» Task instructions
Could you set down the listing below exactly and omit its images?

» Data provided
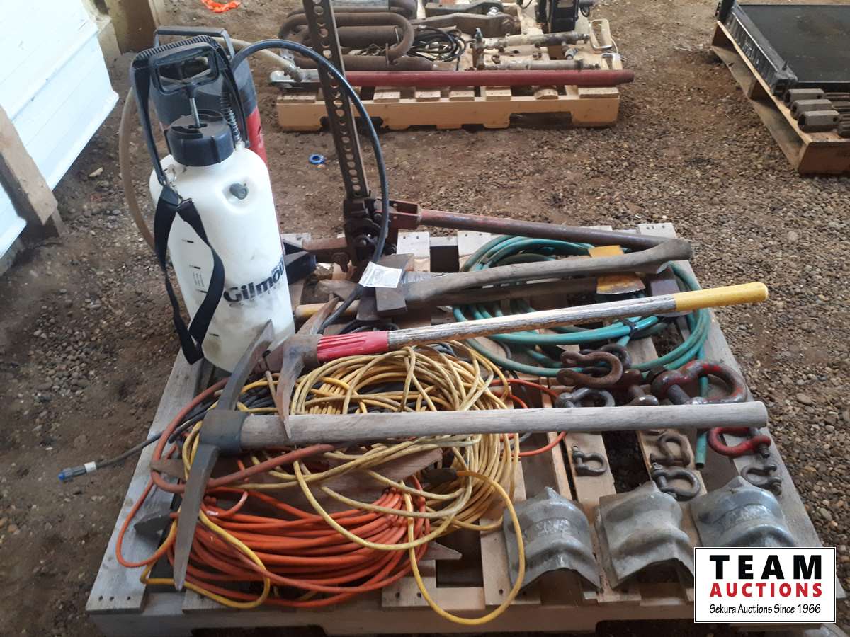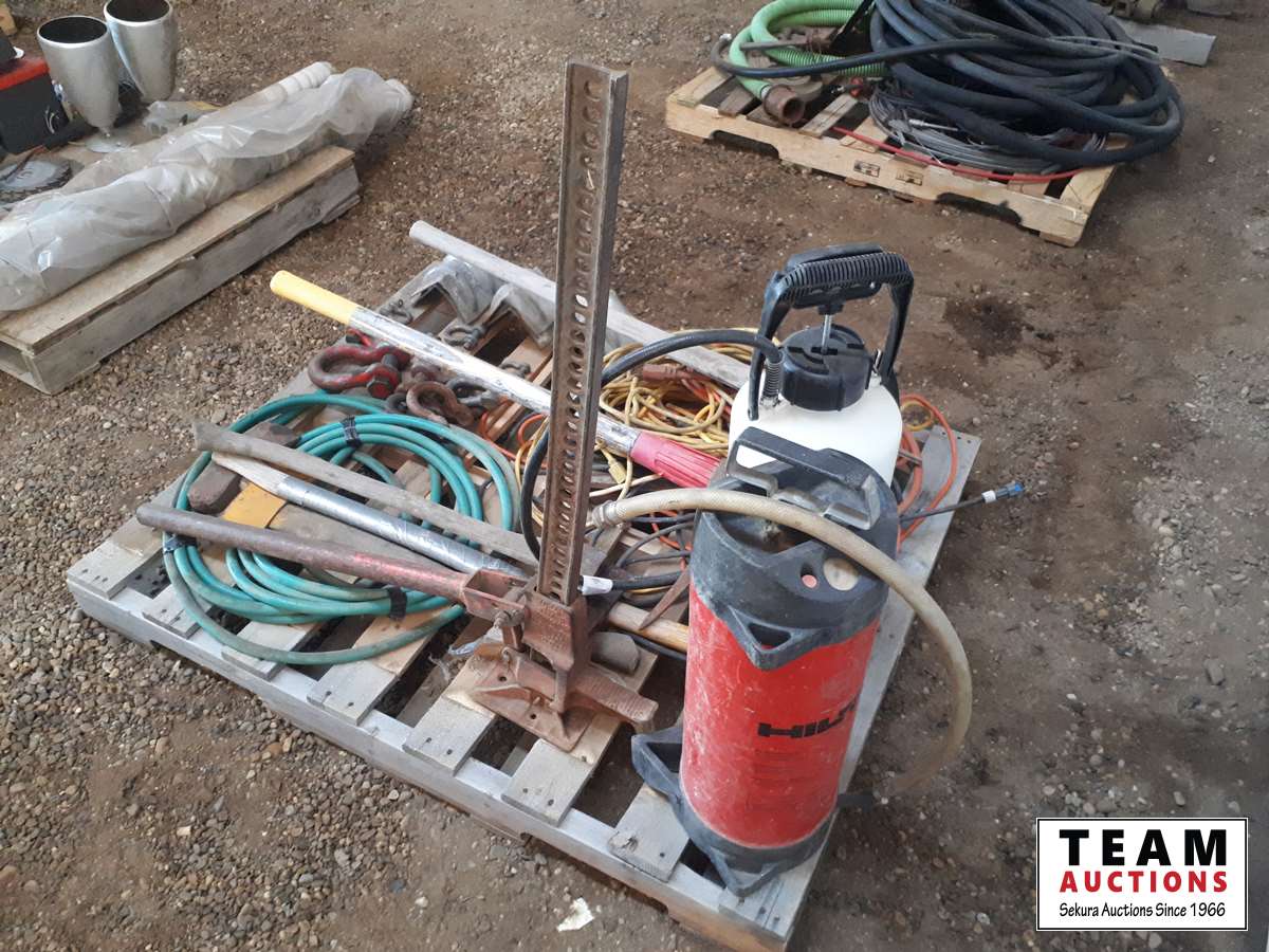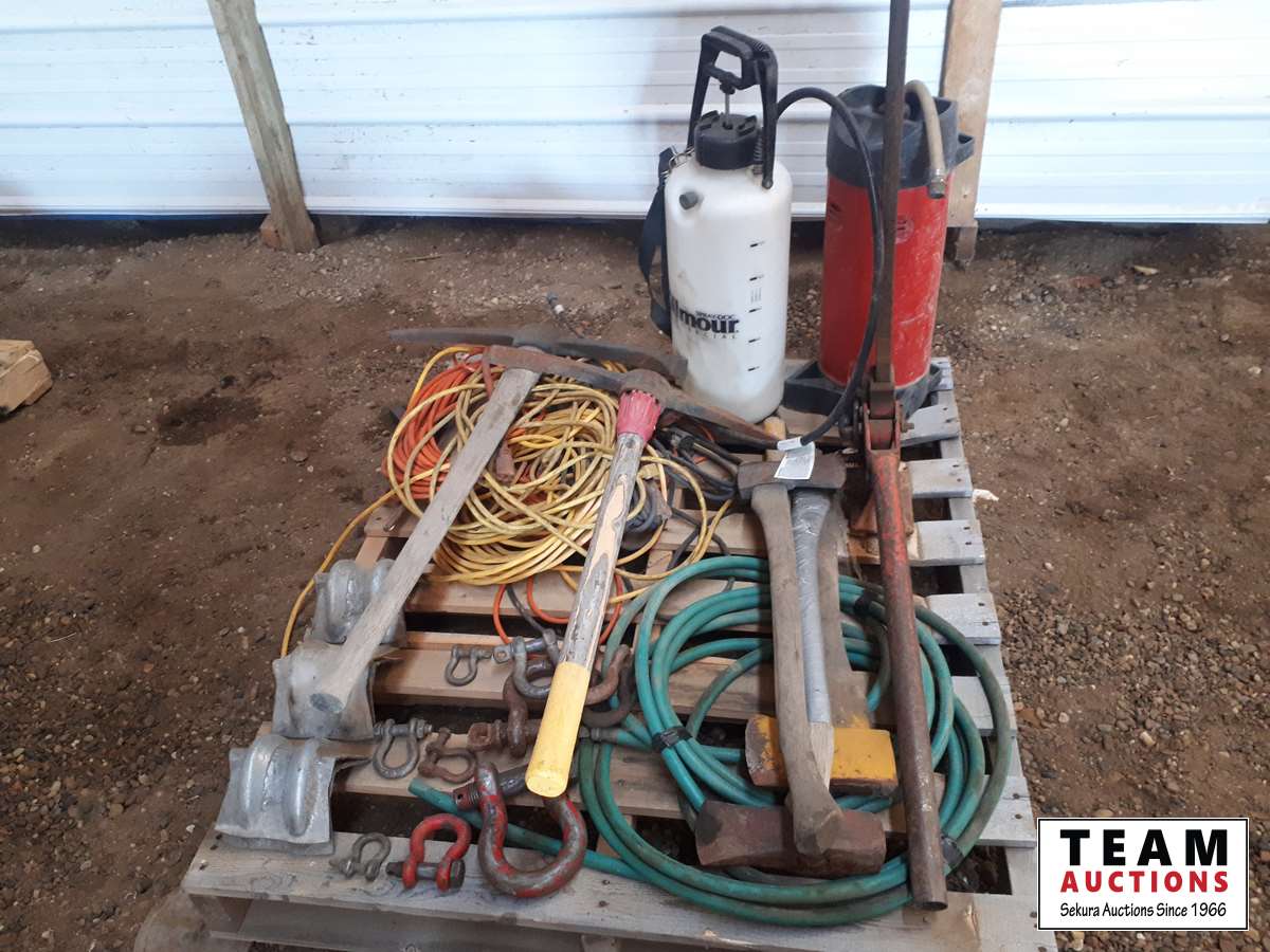 Bumper jacks, extension cords, clevises, water hose, axes, hand pump sprayers, Hilti pressure sprayer does not work, & miscellaneous
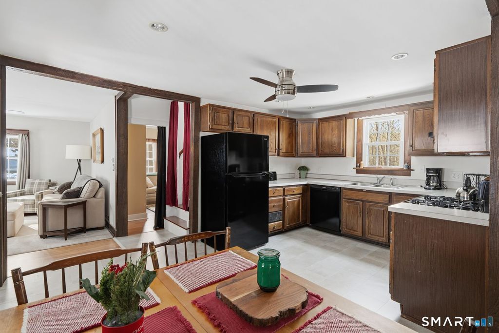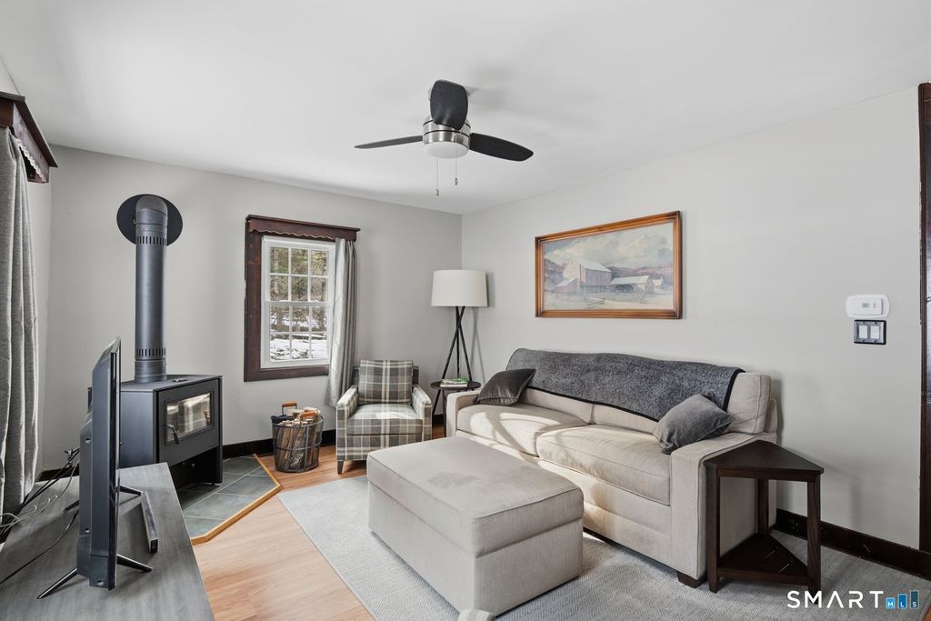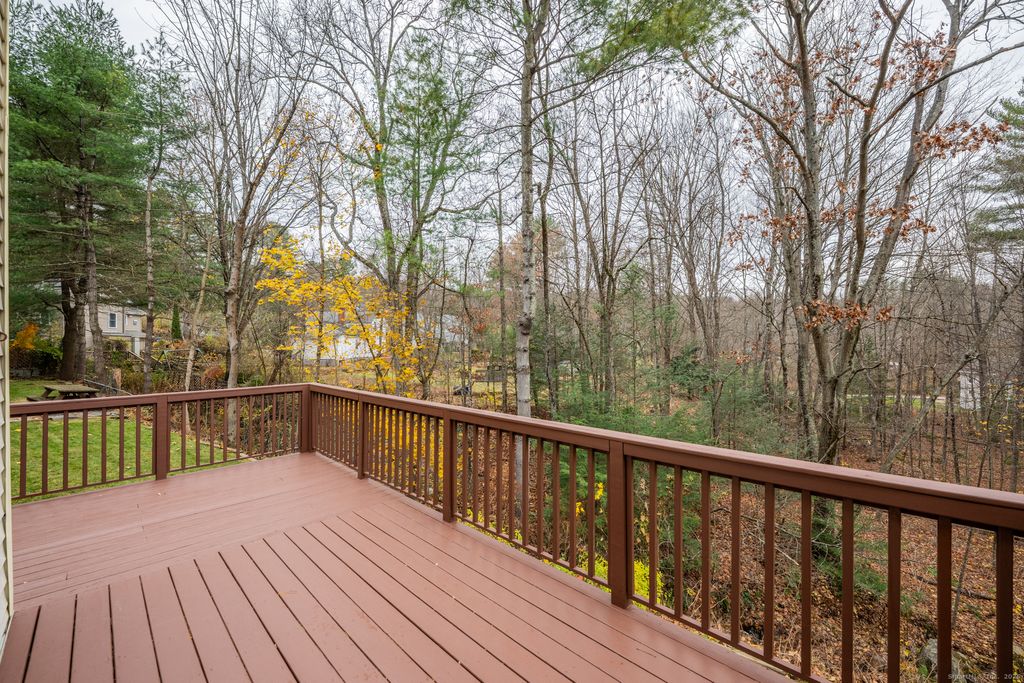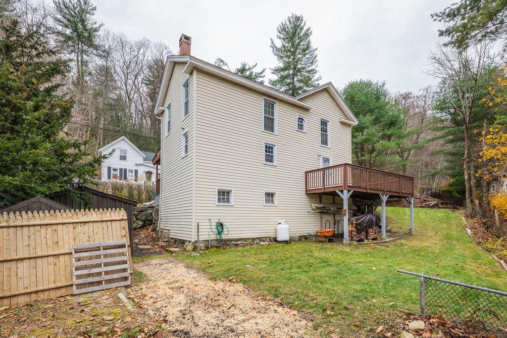 Welcome home to this meticulously maintained 3-bedroom, 6-room Colonial that is truly move in ready and well cared for throughout! A welcoming covered front porch leads into the main level, which features a warm and inviting living room with a cozy wood stove- perfect for relaxing evenings. The spacious eat-in kitchen offers newer appliances, brand-new flooring, and ample pantry space. An updated full bathroom adds modern convenience, while the versatile den opens to a freshly stained wraparound deck through sliding doors, extending your living space outdoors. The deck overlooks the lovely, level half-acre lot, offering ample outdoor space for gardening, play & entertaining. Upstairs you'll find 3 well-sized bedrooms, each offering comfort, natural light, and plenty of room to unwind. Property highlights include city water and sewer, vinyl siding freshly power washed, a new oil tank installed in 2024, heating system replace approximately 6 years ago, and the roof replaced in 2014. New Hartford is known as "The Town for all Seasons"! Enjoy year-round outdoor recreation including World renowned fishing on the Farmington River, kayaking & tubing down Satan's Kingdom, downhill skiing & snowboarding at Ski Sundown, brewery & wineries, & endless hiking trails including People's State Forest!
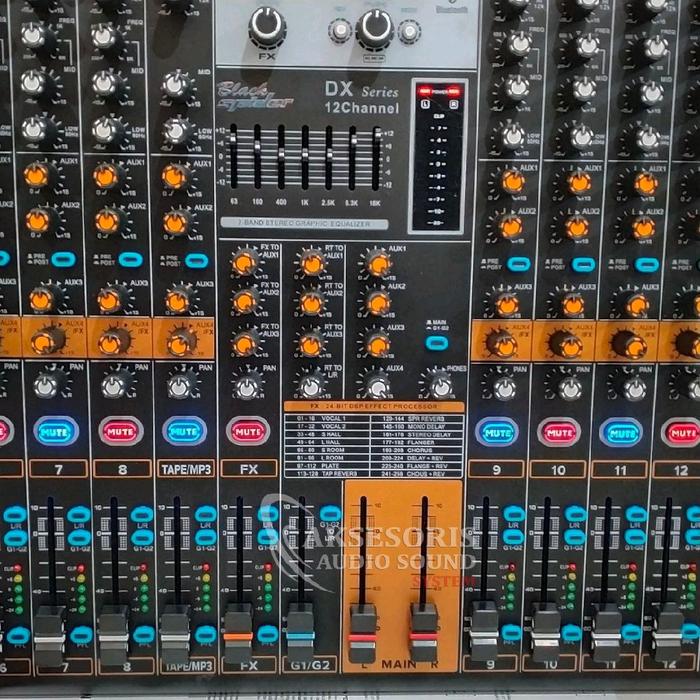 Mixer Blackspider 12 Channel DX Series 256 DSP Efek & USB Bluetooth
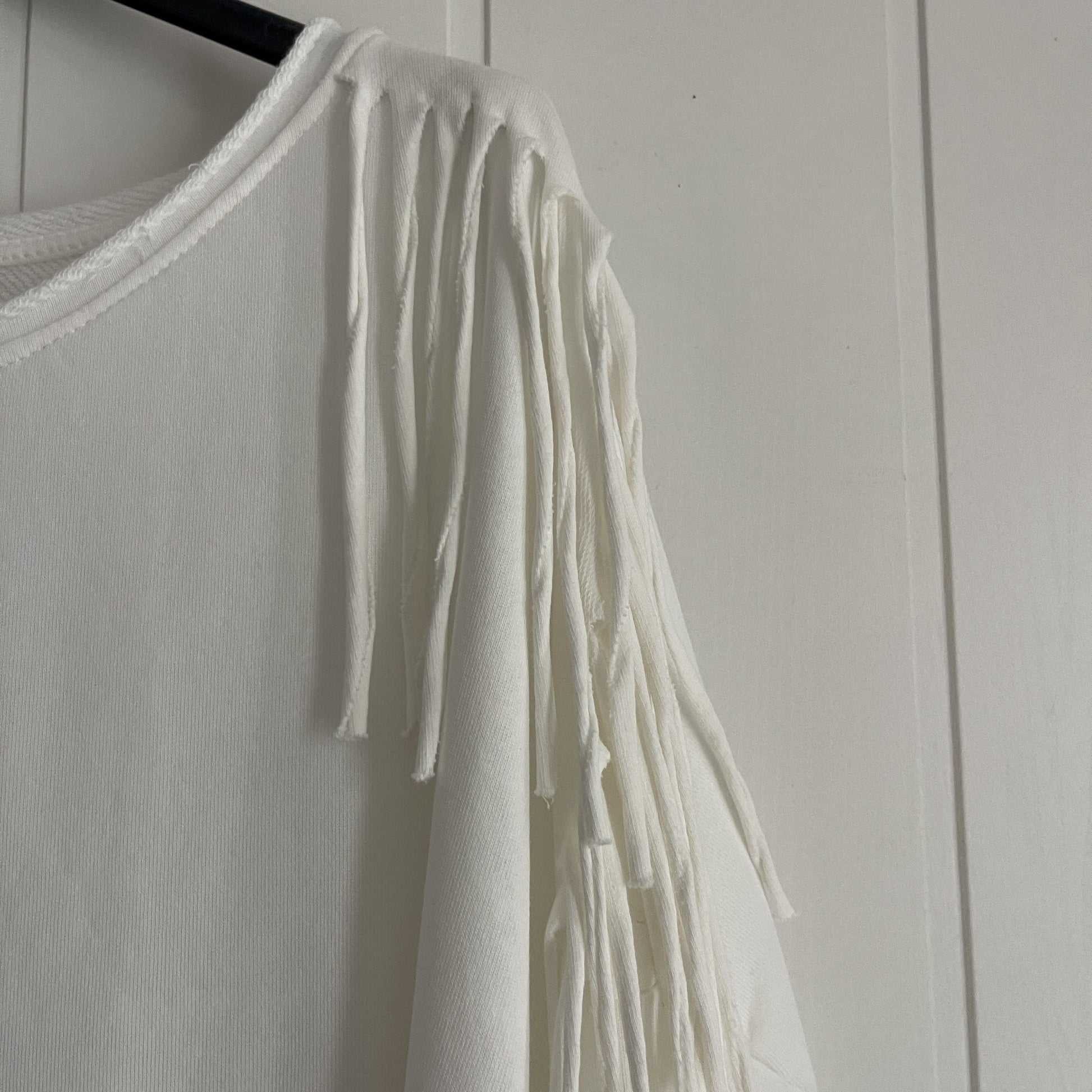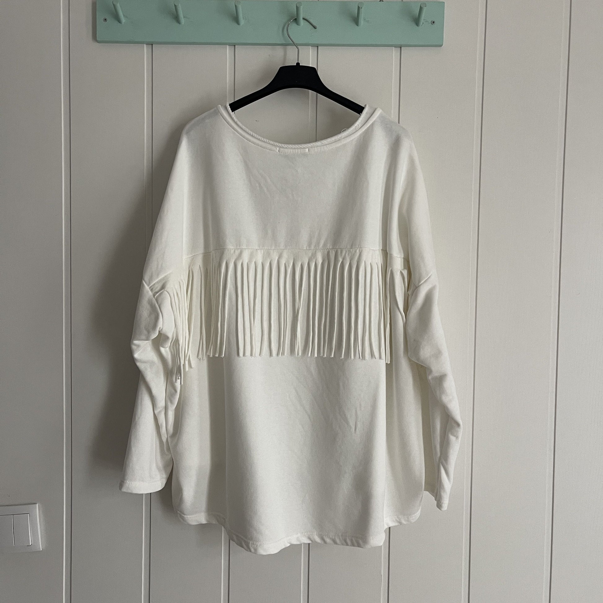 De corte oversize, cuello redondo, manga larga, con flecos delante y detrás.

» Reply to the task
 Bumper jacks, extension cords, clevises, water hose, axes, hand pump sprayers, Hilti pressure sprayer does not work, & miscellaneous
 Welcome home to this meticulously maintained 3-bedroom, 6-room Colonial that is truly move in ready and well cared for throughout! A welcoming covered front porch leads into the main level, which features a warm and inviting living room with a cozy wood stove- perfect for relaxing evenings. The spacious eat-in kitchen offers newer appliances, brand-new flooring, and ample pantry space. An updated full bathroom adds modern convenience, while the versatile den opens to a freshly stained wraparound deck through sliding doors, extending your living space outdoors. The deck overlooks the lovely, level half-acre lot, offering ample outdoor space for gardening, play & entertaining. Upstairs you'll find 3 well-sized bedrooms, each offering comfort, natural light, and plenty of room to unwind. Property highlights include city water and sewer, vinyl siding freshly power washed, a new oil tank installed in 2024, heating system replace approximately 6 years ago, and the roof replaced in 2014. New Hartford is known as "The Town for all Seasons"! Enjoy year-round outdoor recreation including World renowned fishing on the Farmington River, kayaking & tubing down Satan's Kingdom, downhill skiing & snowboarding at Ski Sundown, brewery & wineries, & endless hiking trails including People's State Forest!
 Mixer Blackspider 12 Channel DX Series 256 DSP Efek & USB Bluetooth
 De corte oversize, cuello redondo, manga larga, con flecos delante y detrás.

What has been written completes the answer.